Just pushed a major update: a full translation layer is now live. You can serve any HTML file and automatically translate it on the fly with a local LLM. No client JS, no cloud, no bullshit. Looking for testers, bug hunters, and feedback from anyone running Apache or interested in offline-first web tech. Supports 46 languages with reliable LLM coverage (curated for quality, not just quantity).
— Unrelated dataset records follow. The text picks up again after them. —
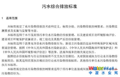 污水綜合排放標(biāo)準(zhǔn)解決國標(biāo)地標(biāo)交叉問題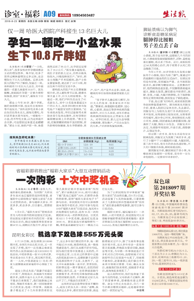 孕妇一顿吃一小盆水果生下10.8斤胖妞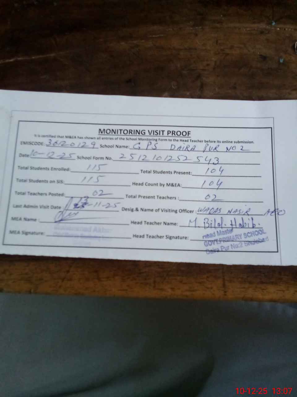 | EMIS Code: 36120129 | Name of School: GPS DAIRA PUR NO. 2 SHUJA ABAD | |||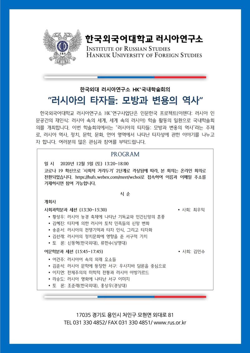 한국외대 러시아연구소 HK+ 국내학술회의 온라인 개최 주소 변경 안내
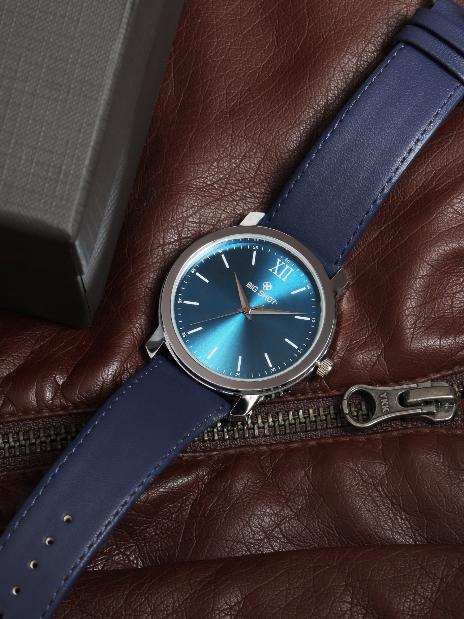 The Big Shot men’s watch combines minimalism with modern style. Featuring a striking blue sunray dial set in a sleek silver-tone case, it is complemented by a rich blue leather strap for a bold yet refined look. With its reliable quartz movement and timeless design, this watch is perfect for everyday wear as well as formal occasions.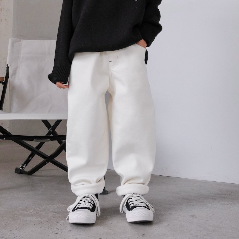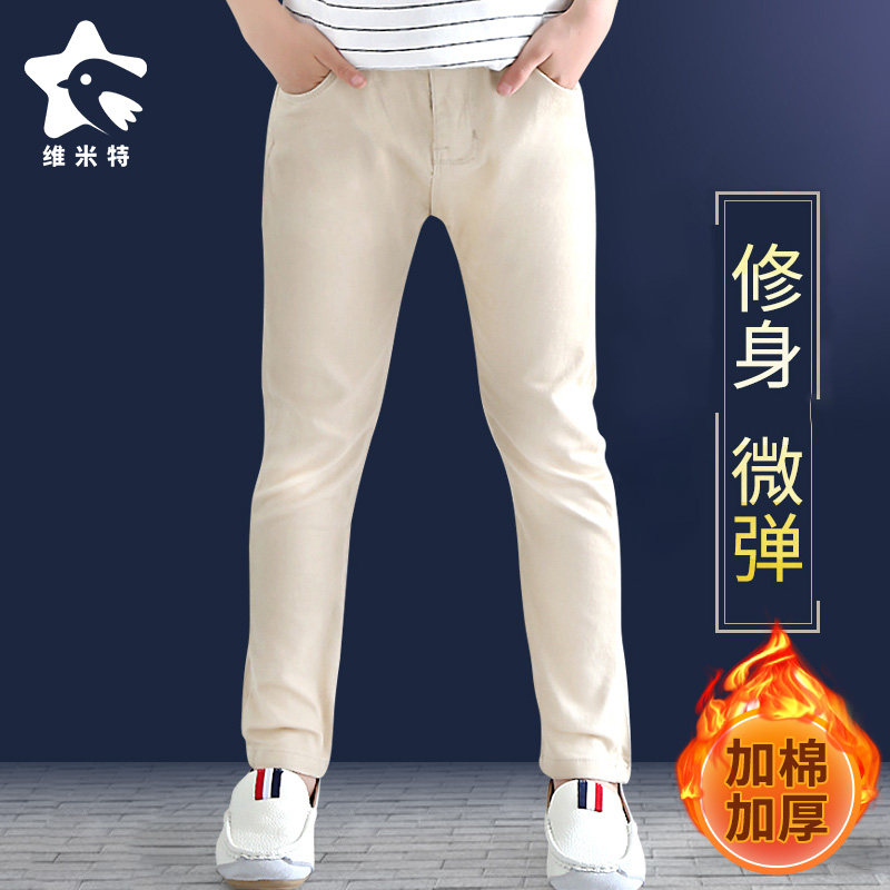 男童白色裤子秋冬修身烟管裤中大童洋派百搭休闲 裤儿童加绒长裤

I’ve been building this in my spare time over the past few days. mod_muse-ai is an Apache module written in C that lets you serve HTML pages generated by an AI model (local or remote). It reads `.ai` files, merges in a system prompt and a layout prompt, and sends the request to either a local Ollama instance or any OpenAI API-compatible endpoint (like LM Studio, Mistral, etc.), then streams the HTML response back to the browser.
The goal is to eliminate the need for a separate backend for AI-generated content. All feedback welcome—especially on the architecture and config design.
It offloads to system memory, but since there are "only" 3 Billion active parameters, it works surprisingly well.
I've been able to run models that are up to 29GB in size, albeit very, very slow on my system with 32GB RAM.
I have an RTX 3070 with 8GB VRAM and for me Qwen3:30B-A3B is fast enough. It's not lightning fast, but more than adequate if you have a _little_ patience.
I've found that Qwen3 is generally really good at following instructions and you can also very easily turn on or off the reasoning by adding "/no_think" in the prompt to turn it off.
The reason Qwen3:30B works so well is because it's a MoE. I have tested the 14B model and it's noticeably slower because it's a dense model.